El trabajador posee total libertad para decidir si desea mantener su relación laboral o renunciar en el momento que considere oportuno, tomando en cuenta sus necesidades personales y profesionales.

En primer lugar, para poner fin a la relación laboral, el trabajador deberá comunicar su renuncia de forma escrita o verbal, con un preaviso de al menos 15 días de antelación, al departamento de Recursos Humanos de la empresa, o a administración en su defecto.

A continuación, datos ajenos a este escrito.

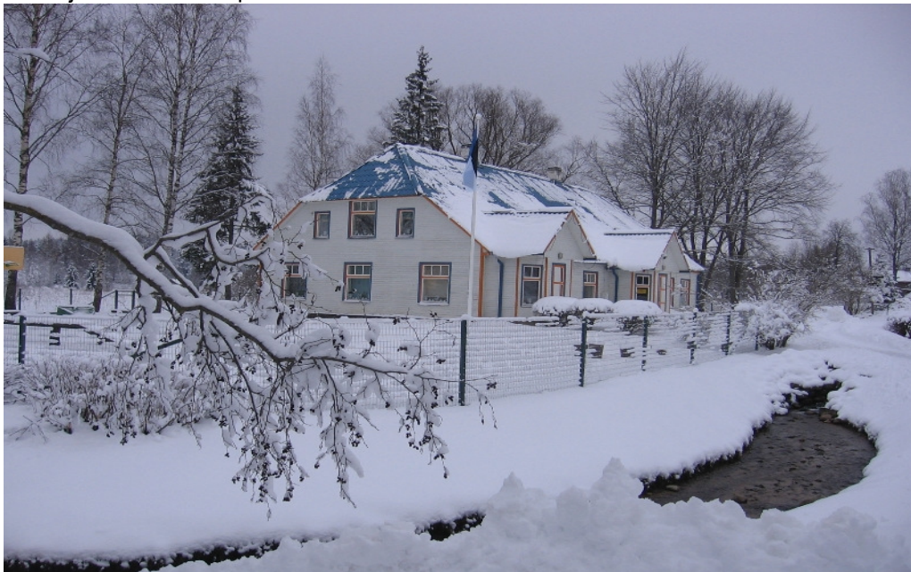
Foto 2. Himmaste algkool

Nad on langeallikad, mille vesi koguneb ojakesse. Oru nõlval imbub maapinnale rohkesti lisaks ka väiksemaid allikaid, moodustades soostunud allikaala. Umbes 1km allavoolu Ora oru paremal veerul paikneb teine allikarühm. Siin avaneb veel 6 langeallikat ja 1 tõusuallikas nn Metsa allikad aga need allikad jäävad juba Eoste küla piiridesse.

Por consiguiente, al presentar la renuncia voluntaria, es esencial cumplir con ciertos requisitos:

  1. Fecha de comunicación de la renuncia.
  2. Datos identificativos de la empresa.
  3. Datos identificativos del empleado.
  4. Motivo de la renuncia.
  5. Fecha de finalización de la relación laboral.

En segundo lugar, la empresa procederá a dar de baja al trabajador en la Seguridad Social, señalando como causa de extinción el código 21, que indica la baja voluntaria del trabajador.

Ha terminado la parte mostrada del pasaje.